3. Number of HTTP 200(OK) responses made

In [21]:
import re
from collections import defaultdict


In [22]:

# MAP: Extract HTTP status codes
def map_status(lines):
    pairs = []
    for line in lines:
        match = re.search(r' (\d{3}) ', line)
        if match:
            code = match.group(1)
            pairs.append((code, 1))
    return pairs

# REDUCE: Count occurrences
def reduce_counts(mapped):
    counts = defaultdict(int)
    for key, val in mapped:
        counts[key] += val
    return counts




In [23]:
# RUN
mapped_status = map_status(lines)
reduced_status = reduce_counts(mapped_status)

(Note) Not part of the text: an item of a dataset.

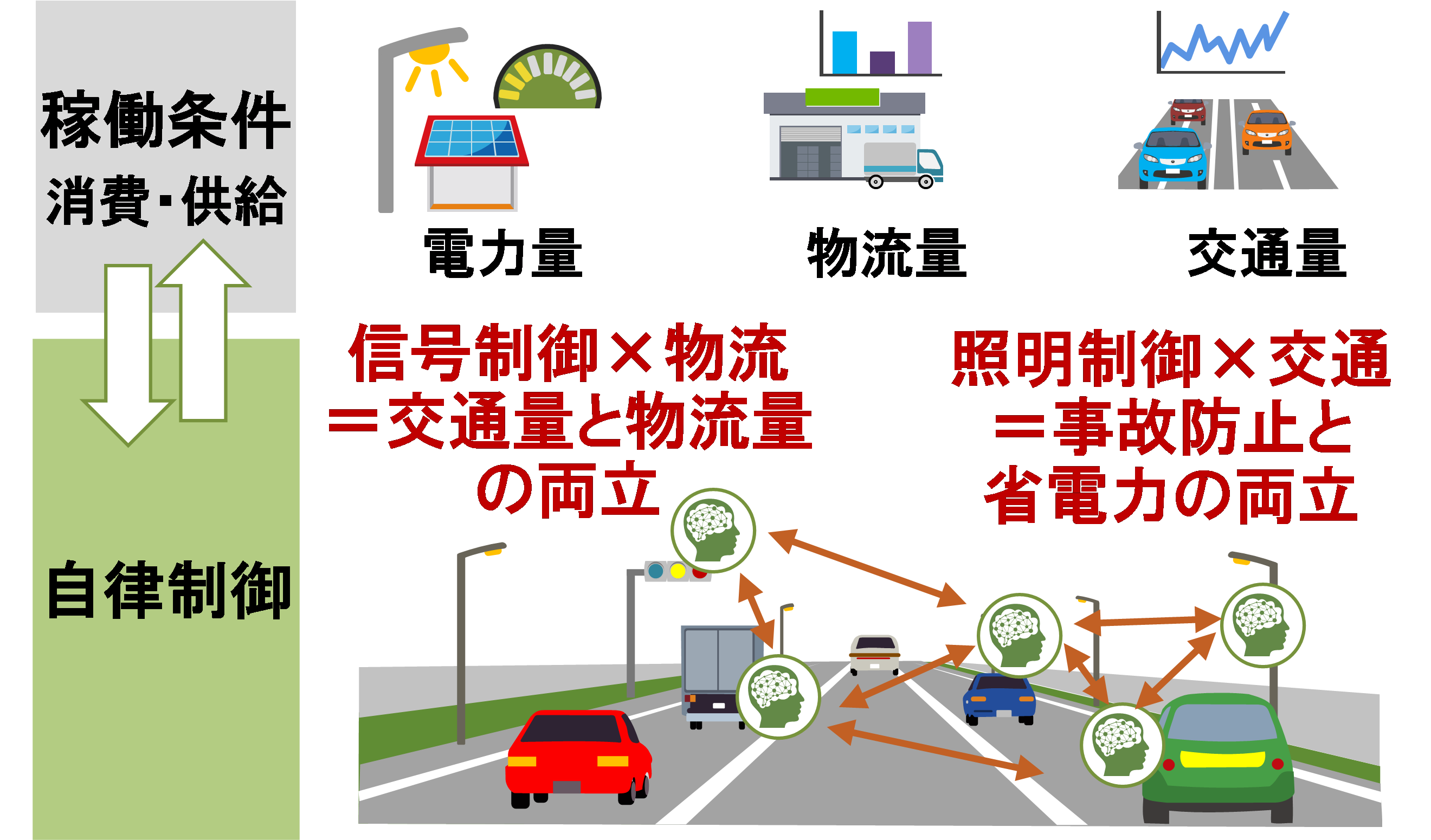 SSMの応用により、社会インフラの運営がよりダイナミックになる未来が予想される。具体的には、信号機とトラックが交通量と物流量を調整するために対話することで、物流の効率化・最適化が可能となる。また、街灯と自動車が互いにコミュニケーションを取りながら、事故防止とエネルギー消費の削減を同時に達成する。そこでは、電力量、物流量、交通量などの稼働条件がリアルタイムで分析され、環境に適応する形でインフラが自動的に調整される。(図5)
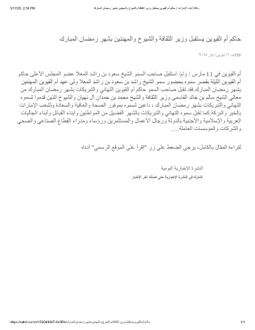 3/17/25, 2:34 PM كرﺎﺑﻣﻟا نﺎﺿﻣر رﮭﺷﺑ نﯾﺋﻧﮭﻣﻟاو خوﯾﺷﻟاو ﺔﻓﺎﻘﺛﻟا رﯾزو لﺑﻘﺗﺳﯾ نﯾوﯾﻘﻟا مأ مﻛﺎﺣ | تارﺎﻣﻹا ءﺎﺑﻧأ ﺔﻟﺎﻛو

# Count HTTP 200 responses
reduced_status.get("200", 0)

88996

4. Number of all other HTTP codes

In [24]:
# Use the reduced_status from previous cell
reduced_status  # Shows count for each HTTP code (200, 404, 301, etc.)


defaultdict(int,
            {'200': 88996,
             '304': 8596,
             '302': 1644,
             '404': 652,
             '403': 12,
             '501': 2})

5. Biggest, smallest, and average file sizes

In [25]:
from collections import defaultdict

In [26]:
# MAP: Extract file sizes
def map_sizes(lines):
    sizes = []
    for line in lines:
        parts = line.split()
        if parts and parts[-1].isdigit():
            size = int(parts[-1])
            sizes.append(("size", size))
    return sizes

# REDUCE: Compute min, max, average
def reduce_sizes(mapped):
    size_list = [v for k,v in mapped]
    return min(size_list), max(size_list), sum(size_list)/len(size_list)



In [27]:
# RUN
mapped_sizes = map_sizes(lines)
reduce_sizes(mapped_sizes)

(0, 3155499, 17458.96599690881)

# Bonus Challenge

If you are feeling *really* adventurous, you can try using a Python library to do geographical-IP lookups to do some analyses.